Do’s & Don’ts in Accessible Design

  • DO make sure links are easy to access on all devices. In order to ensure full accessibility you want to make sure your links are easy to find and understand on all devices. Be sure to include descriptive link text so it can be read out of context. For example instead of making the clickable words “Click here” in a sentence saying “Click here for our events calendar”, make the clickable area “More information about upcoming events.” 
  • DON’T have too much visual activity between text and background. Visitors with poor vision or color-blindness can have difficulty viewing information on sites with busy backgrounds and dark colors. Some background colors and images can obscure text and make the site harder to view for all types of visitors. Be sure to test your site for accessibility by viewing it in different resolutions and color depths.
  • DO include descriptive ALT text for images. ALT attributes work with HTML image tags to give alternative text descriptive information for visual/graphical elements of a web page. This alternative text helps your audience understand what is on the page even if they aren’t viewing the graphic. Regardless of whether your user is visually impaired and using a text-based browser or a graphical browser with the image loading feature turned off, descriptive ALT text allows all visitors equal access to information. 
  • DON’T have inconsistent navigation. A consistent design and structure make it easier for visitors to locate the specific information they’re seeking. Features presented on every page, such as a standard navigation menu or the logo for the site, should always appear in the same place. A clear, consistent presentation will assist visitors with visual impairments or learning disabilities who have difficulty using disorganized navigation.

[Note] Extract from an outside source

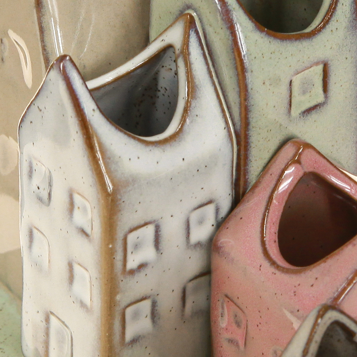 Minivasset, färgglada hus för bordsdekoration, 14 cm

  • DO provide captions and transcriptions for multimedia formats. Multimedia that includes audio presents a barrier not only to people with hearing impairments, but to those who have less advanced computing systems and slower internet connections. Captions and transcriptions for these resources provide your audience with an alternative method for accessing that information.
  • DON’T make the text too small. Laptops and tablets are among the most commonly used devices for accessing the web. If your text size is too small, users may not be able to easily access information. If the site is being designed on a larger monitor, be sure to keep in mind that your audience will be using various devices. If your visitors cannot see what you say, or find great difficulty reading the content, your site is not going to be as successful as it could be and may alienate potential users.

Accessible design is important to consider when designing a website so that you can ensure your information is readily available to everyone. While this list is not exhaustive, they are key factors to consider when designing your site. For more tips and tricks on accessible design you can visit the World Wide Web Consortium’s page on improving the accessibility of your site.